Without the pictures, retype exactly the lines from the top of the entries below through the line that contains "刘伟 教授 乐投平台创新论坛第一千九百三十一讲:Concentration".

[Dataset records]
++++++
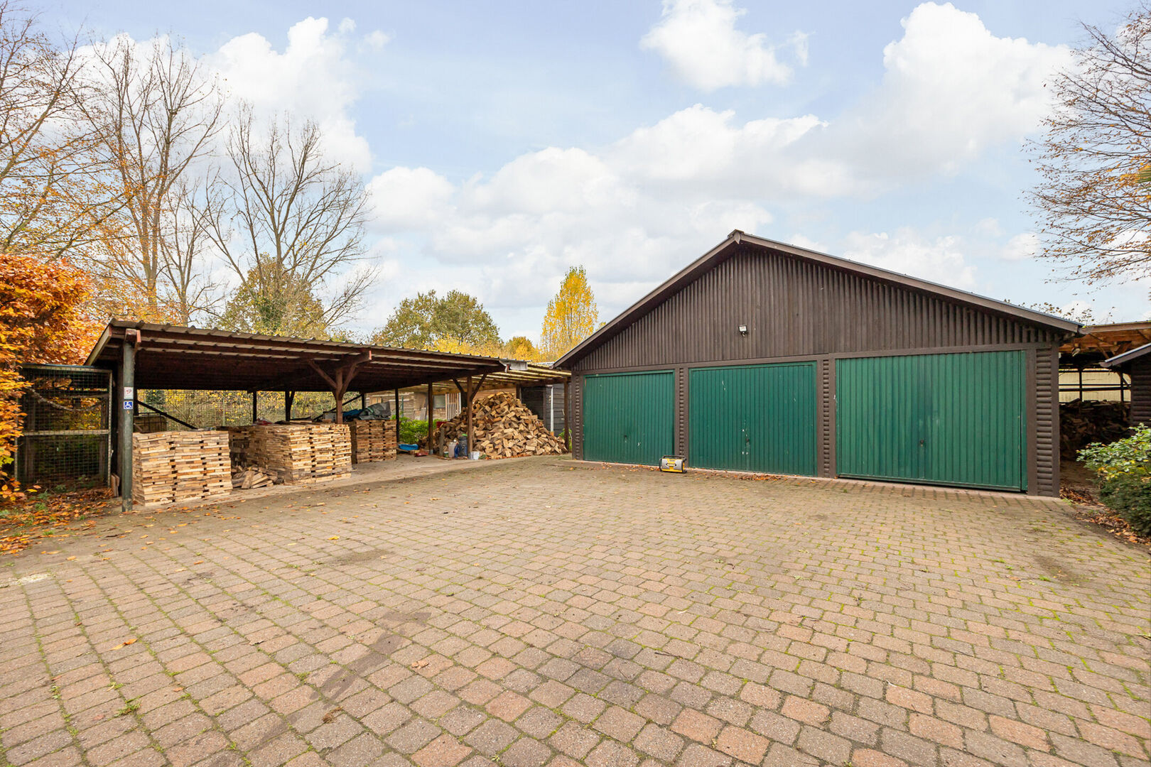 Op het perceel bevindt zich een apart bijgebouw met garage, voorzien van plaats voor drie wagens. Daarnaast zijn er drie carports, waarvan één extra hoog en ideaal voor het stallen van een mobilhome.
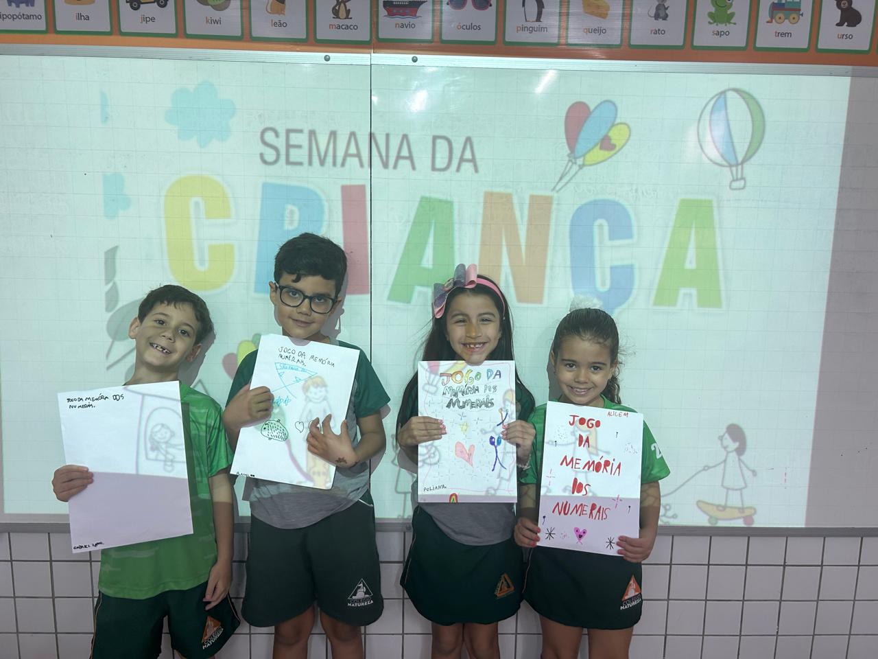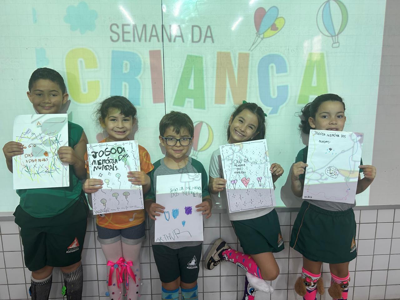 Durante a Semana da Criança, os alunos do 1º Ano M exploraram o universo dos números de um jeito lúdico e criativo! A confecção do Jogo da Memória dos Numerais estimulou a concentração, o raciocínio lógico e o aprendizado através da brincadeira. Cada carta colorida ganhou vida nas mãos das crianças, que aprenderam se divertindo em um momento de pura alegria e colaboração.
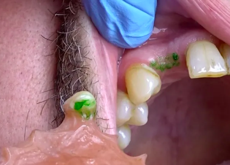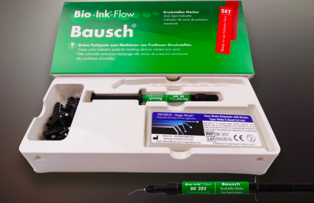 Bio-Ink®-Flow применяется для маркировки точек, поверхностей и линий на слизистой оболочке полости рта, например, точки давления, А-линия, связки слизистой, расположение складок и края протеза. На важные места Bio-Ink®-Flow наносится на предварительно высушенную слизистую оболочку.
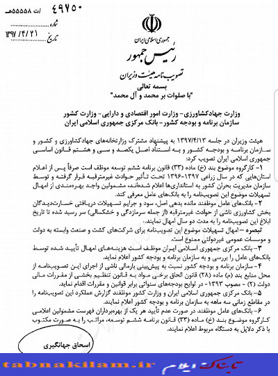 اخیرا نیز با استناد به مدرک دریافتی که تصویر آن در ذیل مطلب الصاق شده است ،براساس تصویب نامه شماره 49750مورخه 97/04/21هیات وزیران که با امضاء معاون اول رییس جمهور به وزارت جهاد کشاورزی ،وزارت امور اقتصادی ودارایی ،سازمان برنامه وبودجه و بانک مرکزی کشور ابلاغ شده ؛امهال تسهیلات کشاورزان مناطق متاثر از حوادث غیرمترقبه را خواستار شده است.
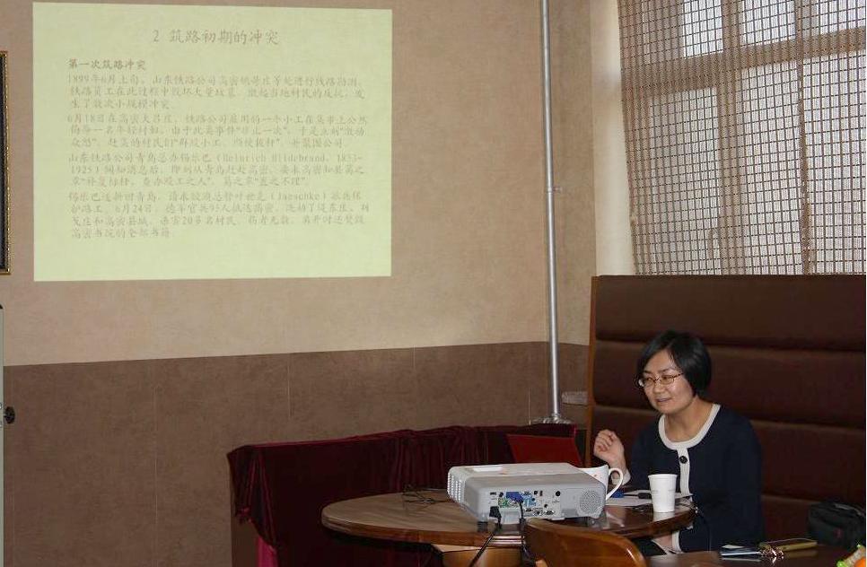 在本次下午茶主题活动中,副研究员王斌做了题为“从胶济铁路建设看技术转移中的冲突与适应”的报告。她主要通过分析胶济铁路建设中的两个事例及其中的影响因素,来说明技术转移中的冲突与适应是技术转移双方相互作用的表现和结果。报告结束后,王斌就选题视角的独特性、铁路建设中的“风水”问题等与大家展开了交流。
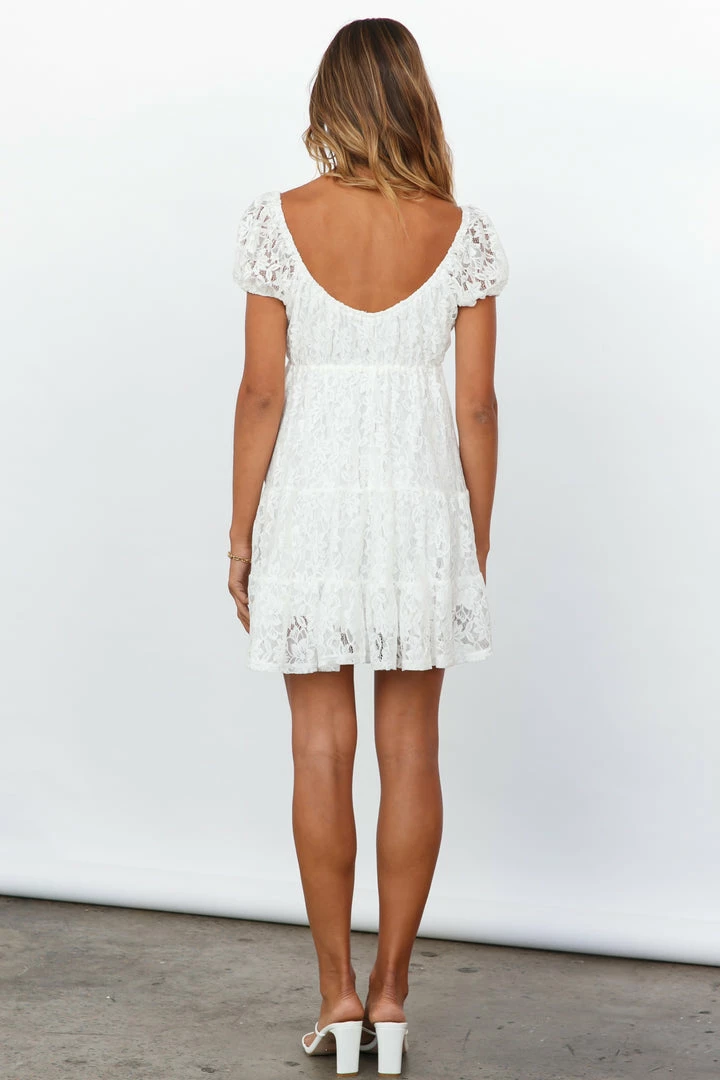 - White lace mini dress.
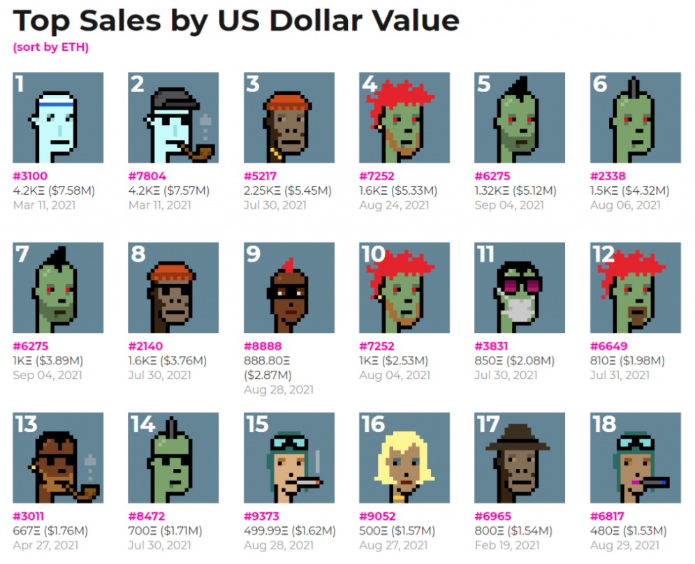NFT 프로젝트에서 가장 유명한 건 크립토펑크(CryptoPunks)입니다. NFT 개념을 사용한 첫 프로젝트기도 하고 억대의 거래가 이뤄지면서 순식간에 유명세를 타게 되었습니다. 크립토 펑크는 홀(Matt Hall)과 존 왓킨슨(John Watkinson)이 2017년 라바랩스로 시작한 프로젝트입니다. 8비트 해상도의 얼굴 아이콘을 1만개 정도 생성합니다. 모든 얼굴은 다르게 생겼고, 남자 6039명, 여자 3840명, 좀비 88명, 유인원 24명, 외계인 9명으로 구성되어 있습니다. 1위 #3100 외계인의 가격이 가장 비싸고, 한화로 약 100억원 정도에 거래되고 있습니다.
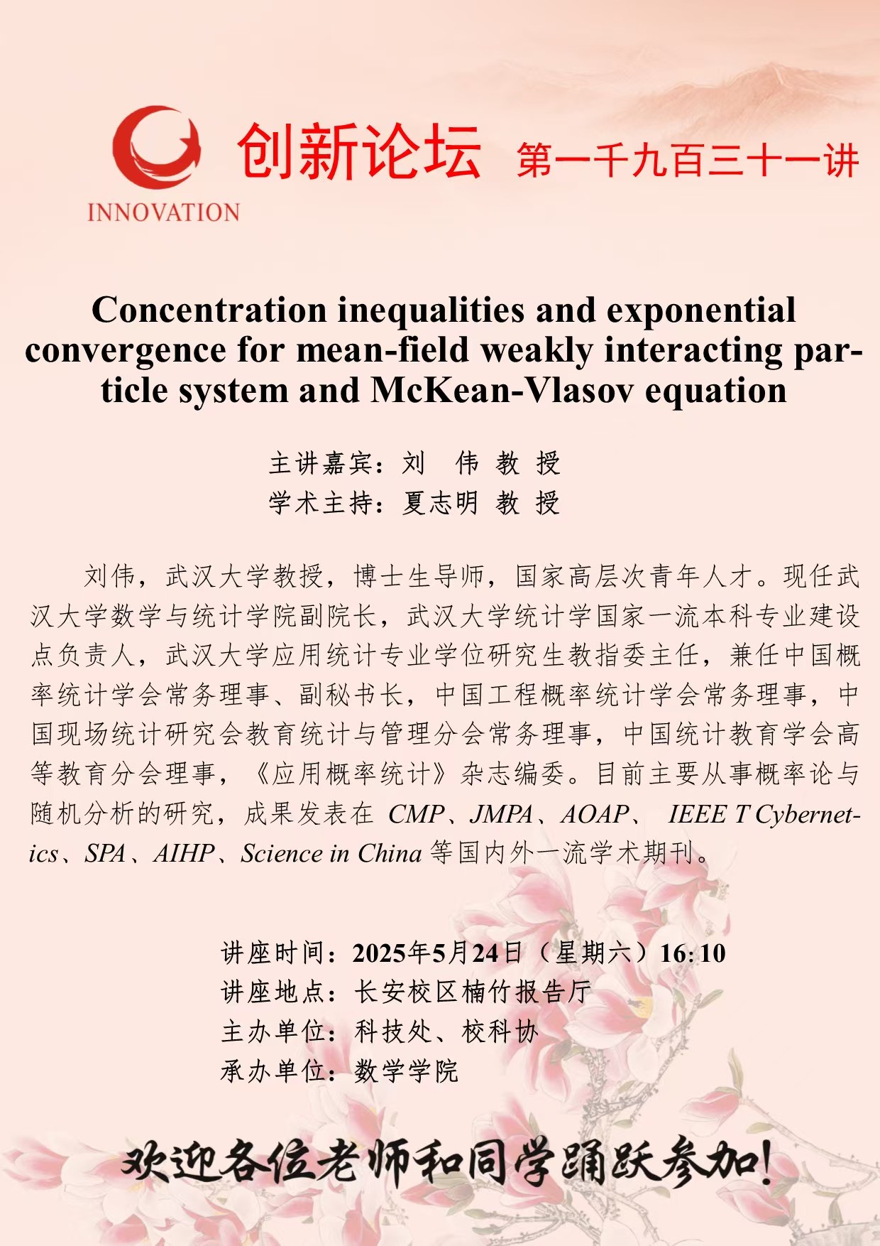 刘伟 教授 乐投平台创新论坛第一千九百三十一讲:Concentration inequalities and exponential convergence for mean-field weakly interacting particle system and McKean-Vlasov equation 讲座时间 2025年5月24日(星期六)16:10 讲座地点 长安校区楠竹报告厅 讲座人介绍 刘伟 教授 讲座内容
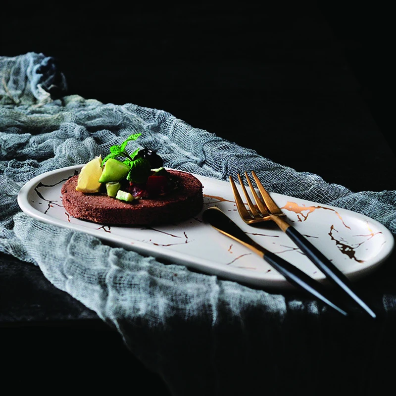Черные керамические обеденные тарелки мраморный поднос фруктовый салат десерт Суши набор столовой посуды для кухни рождественские тарелки сервировочные подносы
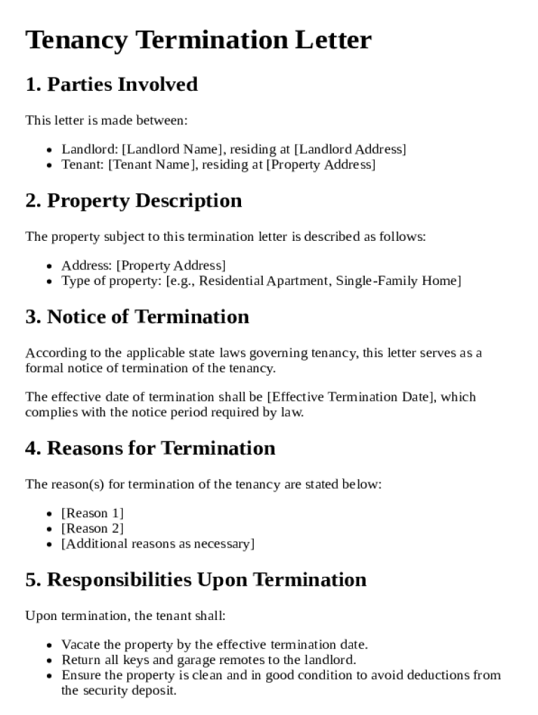 A tenancy termination letter template is a formal document used by landlords or tenants to officially end a rental agreement.
++++++
→ EXERCISE RESPONSE:
 Op het perceel bevindt zich een apart bijgebouw met garage, voorzien van plaats voor drie wagens. Daarnaast zijn er drie carports, waarvan één extra hoog en ideaal voor het stallen van een mobilhome.
 Durante a Semana da Criança, os alunos do 1º Ano M exploraram o universo dos números de um jeito lúdico e criativo! A confecção do Jogo da Memória dos Numerais estimulou a concentração, o raciocínio lógico e o aprendizado através da brincadeira. Cada carta colorida ganhou vida nas mãos das crianças, que aprenderam se divertindo em um momento de pura alegria e colaboração.
 Bio-Ink®-Flow применяется для маркировки точек, поверхностей и линий на слизистой оболочке полости рта, например, точки давления, А-линия, связки слизистой, расположение складок и края протеза. На важные места Bio-Ink®-Flow наносится на предварительно высушенную слизистую оболочку.
 اخیرا نیز با استناد به مدرک دریافتی که تصویر آن در ذیل مطلب الصاق شده است ،براساس تصویب نامه شماره 49750مورخه 97/04/21هیات وزیران که با امضاء معاون اول رییس جمهور به وزارت جهاد کشاورزی ،وزارت امور اقتصادی ودارایی ،سازمان برنامه وبودجه و بانک مرکزی کشور ابلاغ شده ؛امهال تسهیلات کشاورزان مناطق متاثر از حوادث غیرمترقبه را خواستار شده است.
 在本次下午茶主题活动中,副研究员王斌做了题为“从胶济铁路建设看技术转移中的冲突与适应”的报告。她主要通过分析胶济铁路建设中的两个事例及其中的影响因素,来说明技术转移中的冲突与适应是技术转移双方相互作用的表现和结果。报告结束后,王斌就选题视角的独特性、铁路建设中的“风水”问题等与大家展开了交流。
 - White lace mini dress.
NFT 프로젝트에서 가장 유명한 건 크립토펑크(CryptoPunks)입니다. NFT 개념을 사용한 첫 프로젝트기도 하고 억대의 거래가 이뤄지면서 순식간에 유명세를 타게 되었습니다. 크립토 펑크는 홀(Matt Hall)과 존 왓킨슨(John Watkinson)이 2017년 라바랩스로 시작한 프로젝트입니다. 8비트 해상도의 얼굴 아이콘을 1만개 정도 생성합니다. 모든 얼굴은 다르게 생겼고, 남자 6039명, 여자 3840명, 좀비 88명, 유인원 24명, 외계인 9명으로 구성되어 있습니다. 1위 #3100 외계인의 가격이 가장 비싸고, 한화로 약 100억원 정도에 거래되고 있습니다.
 刘伟 教授 乐投平台创新论坛第一千九百三十一讲:Concentration inequalities and exponential convergence for mean-field weakly interacting particle system and McKean-Vlasov equation 讲座时间 2025年5月24日(星期六)16:10 讲座地点 长安校区楠竹报告厅 讲座人介绍 刘伟 教授 讲座内容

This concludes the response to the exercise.